Было большим утешением вот так стоять в холодный зимний день и следить, как на поверхности пруда, подобно нотам из Девятой симфонии Малера, танцуют фотоны. В какой-то момент составляющие природы повлияли и на мой организм, разум слился с ней настолько глубоко, как никогда ранее. Как и большинство важных вещей, случившееся со мной было малозаметным эпизодом. Слившись с этим скромным спокойствием, я мог унестись далеко за камни и камыши. Я ощущал Природу – беззащитную и полностью раскрытую, какой она стала для Торо и Лорена Айзли. Я обогнул пруд и пошел в больницу. Утренние обходы закончились. Умирающая женщина сидела передо мной на кровати. За окном слышалась трель певчей птицы, она сидела на ветке у самого пруда.

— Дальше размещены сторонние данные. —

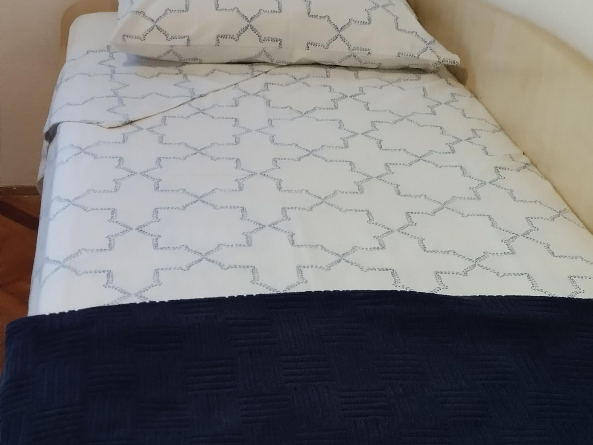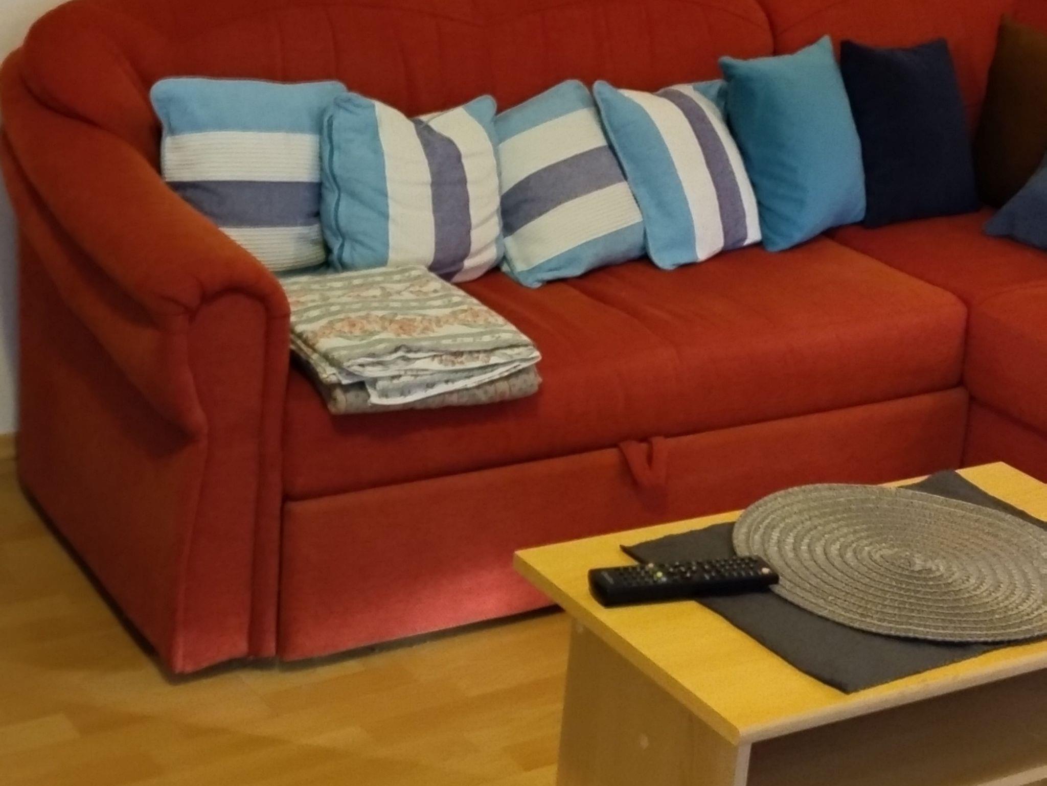 Ferienwohnung bietet Platz für 7 Gäste. Die Betten sind in Schlafzimmern, die es 3 gibt, innerhalb einer Gesamtfläche von 59m2, angeordnet. Die Gäste haben eine eigene Terrasse zur Verfügung, auf der sie in warmen Sommernächten genießen können. Das Apartment bietet Meerblick. Es ist erlaubt, Speisen auf dem Gemeinschafts-Grill vorzubereiten. In der Unterkunftseinheit besteht die Möglichkeit des Mitbringens von Haustieren, und die Dienstleistung ist im Preis der Unterkunft enthalten. IM PREIS INBEGRIFFEN: Kurtaxe, Endreinigung, Klimatisierung, Parkplatz, Internet, Haustiere, Föhn, Sonnenschirm, Liegestühle. VERBINDLICHE ZUSÄTZLICHE KOSTEN: Aufzahlung für Kurzaufenthalte (prozentualer Zuschlag pro Nächtigungsanzahl: 30% - 1, 20% - 2, 10% - 3). Die Verfügbarkeit zusätzlicher Dienstleistungen in Ihrem reservierten Termin und die Preise derselben (falls nicht aufgeführt) müssen im Voraus überprüft werden. Zusätzliche Dienstleistungen die in der Zahlungsaufforderung nicht aufgeführt sind werden direkt beim Vermieter bezahlt, angenommen der Gast nutzt auch diese.

Потом я много думал, что тогда на рассвете какая-то глубокая тайна мне не открылась, когда я процарапал глазок среди кристалликов льда. «Мы чересчур довольствуемся нашими органами чувств», – заметил однажды Лорен Айзли. Недостаточно просто видеть танец фотонов своими нервными окончаниями. «Мало видеть так, как видит человек – даже если он дойдет до конца Вселенной». Все наши радиотелескопы и суперколлайдеры просто расширяют восприятие нашего разума. Мы видим лишь завершенную работу и не замечаем, как вещи соединяются друг с другом и становятся цельной реальностью. Единственное исключение – пять секунд в то славное декабрьское утро, когда все чувства вдруг соединились.
Конечно, физики этого не поймут, так как они не видят за своими уравнениями квантовой реальности. В тот декабрьский день на краю пруда дул неровный ветерок, а разум сливался со всей природой, которая прячется за каждым листом и веткой.
Мы, ученые, так долго смотрели на мир, что больше не оспариваем его реальность. Как заметил Торо, мы похожи на индусов, которые полагали, что мир лежит на слоне, слон стоит на черепахе, а черепаха расположилась на свернутой в кольцо кобре. Вот только под змею нечего подложить. Все мы стоим на плечах друг у друга – и вместе стоим в пустоте.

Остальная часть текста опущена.